Oberschichtenkriminalität

Nun haben wir wieder eine schöne, emotional aufgeladene Symboldiskussion. Es geht nicht um klare Gedanken und Sachverhalte, sondern um emotionale Zonen und intellektuelles Niemandsland. Der „Fall“ des Bayernpräsidenten ist nur insofern interessant, als dass er in beeindruckendem Maße das vorexerziert, was die meisten hierzulande eben nicht zu Staatsbürgern im modernen Sinne macht.

Dadurch, dass eine Person des öffentlichen Lebens, die sich nicht nur gerne mit dem Erfolg, sondern auch mit einem hohen moralischen Anspruch geschmückt hat, nun als krimineller Vergehen schuldig herauszustellen droht, hat eine Debatte entfacht, die mit dem Sachverhalt nur noch wenig zu tun hat. Da werden plötzlich Sympathien und Antipathien für oder gegen einen Fußballverein mobilisiert, da werden Kritiker des kriminellen Verhaltens als Hasser und Schlammwerfer diskriminiert, aber die staatsbürgerliche Räson, die bleibt auf der Strecke.

Letztere muss in erster Linie muss nur betonen, dass vor dem Gesetz alle gleich sind.
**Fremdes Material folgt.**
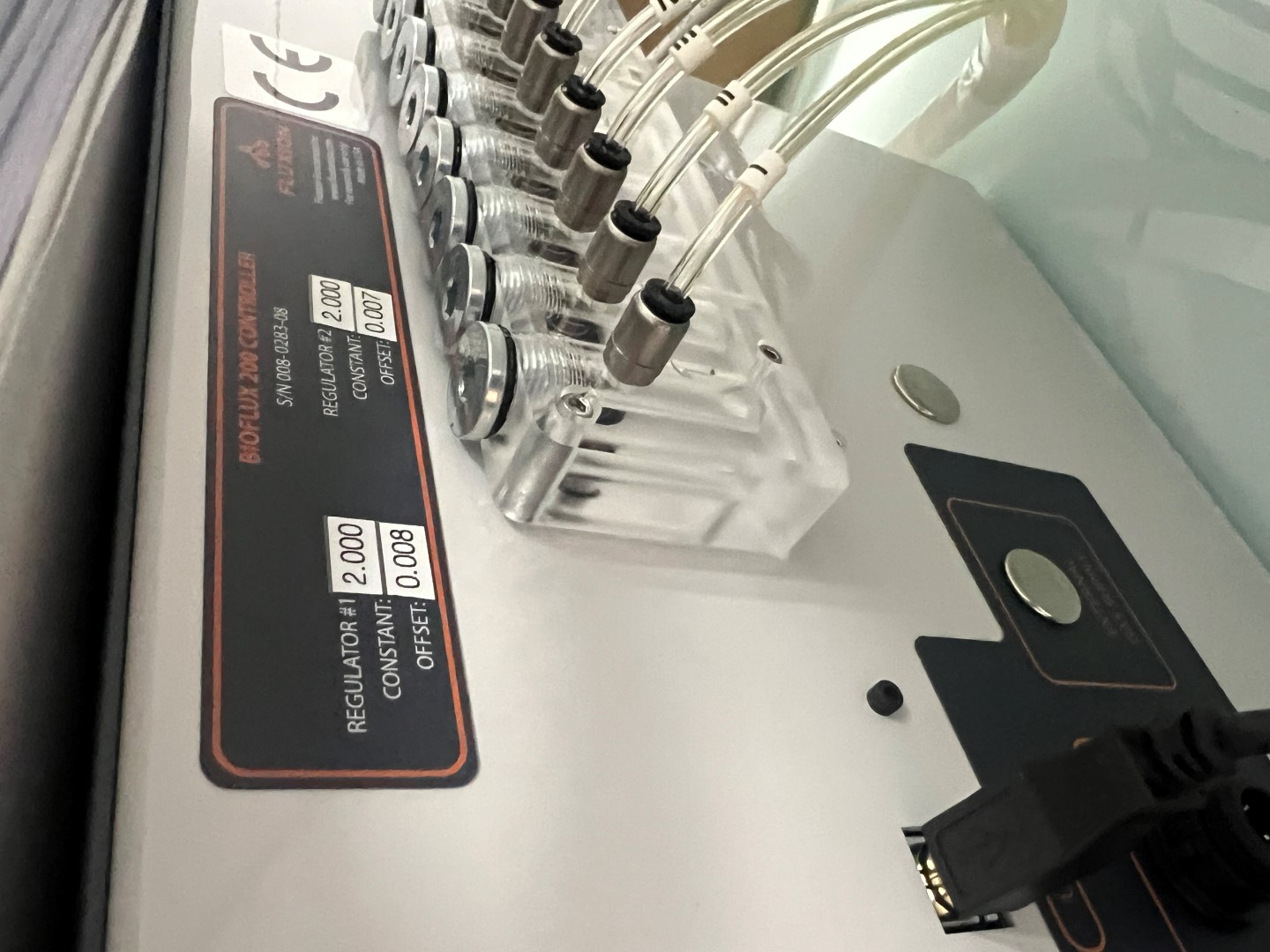 Fluidic interface assembly (transparent acrylic manifold with multiple Luer fittings, mounted on top of controller)

Und sie muss klären, ob es Sinn macht, sich einer unterschiedlichen, inkonsistenten Logik hinsichtlich verschiedener Strafdelikte zu verschreiben, weil der Staat Geld braucht. Keine Diebin und kein Dieb, keine Räuberin und kein Räuber und keine Mörderin und kein Mörder können sich mit einer Selbstanzeige exkulpieren. Es wäre auch ein Skandal für jedes Rechtsempfinden. Die Ausnahme für den Steuerbetrug, die aus dem 19. Jahrhundert stammt, muss schlichtweg revidiert werden.

Was aus der Perspektive der Staatsräson so einfach aussieht, wird aus der der Emotion zu einem Gemisch aus Ressentiment und intellektuellem Desaster. Der Schlüssel zu dieser sanguinischen Aufladung liegt an der moralisierenden, moralistischen Chiffrierung von Hoeneß´ Handlungsweisen. Wer moralisiert und fällt, fällt bekanntlich tief. So gesehen, sind wir momentan Beobachter des Falles Wulff, Teil II.

Und das wäre alles gar nicht so tragisch, wenn es nicht etwas andeutete, was die Republik noch schwer wird erschüttern können. Hinsichtlich der Eliten und ihres Verhaltens beginnen wir es mit einem Massenphänomen zu tun zu bekommen. Es geht nicht nur um Sonderinteressen in der Schulpolitik, um die Privilegierung des eigenen Stadtteils oder die Steuermillionen, die in Form des Kulturetats den Oberschichten nahezu exklusiv zugutekommen, sondern es geht um eine Massenflucht der Elite aus dem Solidarpakt der gesamten Gesellschaft. Es hat sich ein Egoismus etabliert, der durch keine Form der punktuellen Wohltätigkeit kompensiert werden kann.

Das einzige Mittel, das die Gesellschaft hat, um der Tendenz der Entsolidarisierung Grenzen zu setzen, ist das Gesetz. Dieses in dem historischen Kontext, in dem wir uns befinden, relativieren zu wollen, ist nicht nur unverantwortlich, sondern auch lebensgefährlich. Gleiches für Gleiches und die Gleichheit vor dem Gesetz ist das Mindeste, was zu fordern ist.

Das Recht allein und seine Anwendung jedoch werden nicht ausreichen, die moralische Erosion der als Moralisten durch die Welt krakeelenden Elite aufzuhalten. Ihre gesellschaftliche Ächtung wird wohl kommen, aber nur, wenn sich auch diejenigen, die rechtskonform und vorbildlich handeln, endlich die Courage aufbringen, die Luftikusse aus dem eigenen Lager zu kritisieren. Ein anderes Kapitel sind die Moralisierer per se. Von ihnen wimmelt es in der gegenwärtigen Politik. Werden sie ähnlich entlarvt wie gegenwärtig der Bayernpräsident, dann rauscht das gesamte politische System in eine Existenzkrise.